All well and said, yet this passage hardly reflects the true feelings of the area toward the draft. Below the feelings of good will and the “save the Union” mentality, there was a sense of direct contempt for the draft which was one of the very measures to save the Union. One can clearly detect a feeling of alienation toward a system which many perceived as being a less than honorable way to conduct a military operation.
My original intention for this project was to focus exclusively on the draft and its effects on Plover. As is evident, Stevens Point has been unavoidably drawn into the study for the sole reason that the only surviving newspapers from the Civil War years are from Stevens Point. I believe the integration of the information from both towns work with and complement each other and thus produce a more comprehensive investigation of what really happened in this area during the Civil War years. Through-out my research, I was impressed with both towns’ tenacity in attempting to provide men for the war effort. Likewise, the inability and at times refusal of some people to contribute toward the bounty, and the efforts to frustrate the enlistment of men cannot be ignored. As in most cases there is more than just one side to any issue.

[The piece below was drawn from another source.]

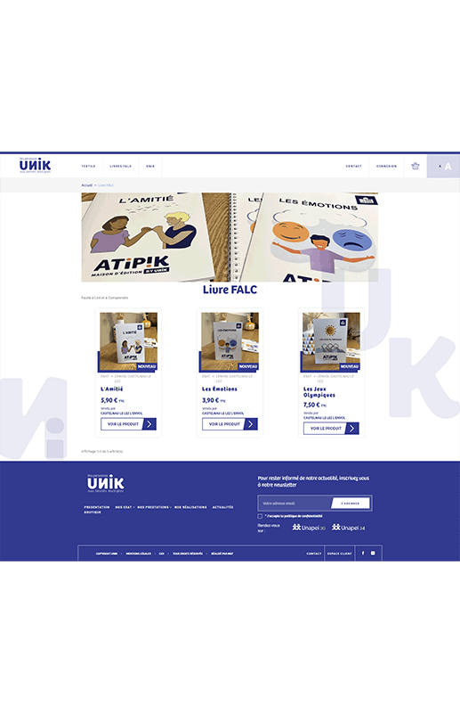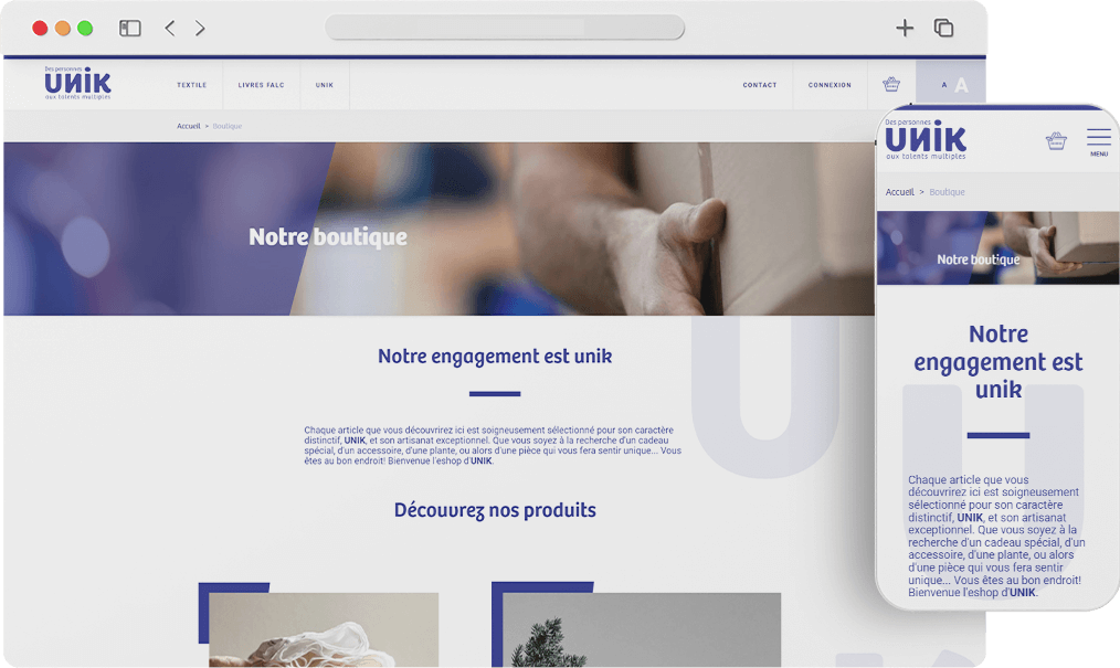 Le site e-commerce Unik a été réalisé en collaboration avec l’Agence de communication MGT Quidam, qui a imaginé le design inclusif de ce site.

I believe it is important to note again that the purpose of the draft was to stimulate volunteerism through the threat of conscription. As a concession to public opinion, Congress did allow numerous avenues of legal evasion. Again, only 50,000 men were drafted during the Civil War. The people of Plover and Stevens Point were well aware of their obligation to the federal government and did all they could to raise the needed bounties and therefore the volunteers to fill their quotas. Yet, beneath all the calls for patriotism and further drafts. There was a deep-seated resentment toward the draft. Then, even more than now, the draft was viewed as dishonorable. I hope that my efforts have helped to illuminate not only the tangible results of the draft on the area (in terms of bounty meetings, volunteers enlisted, and money raised) but more importantly the intangible results found in such areas as feelings and attitudes. Involvement and participation, and the mixed emotions and frustrations that were exhibited. Whereas I did not find any references to draft riots or blatant Protests against the draft, there was definitely an underlying. subliminal if you may, anti-draft message in most of the newspaper articles pertaining to the draft. Indeed, many of our present attitudes and resentments toward the draft can trace their beginnings to the numerous Civil War drafts. Attitudes and convictions are clearly slow to change.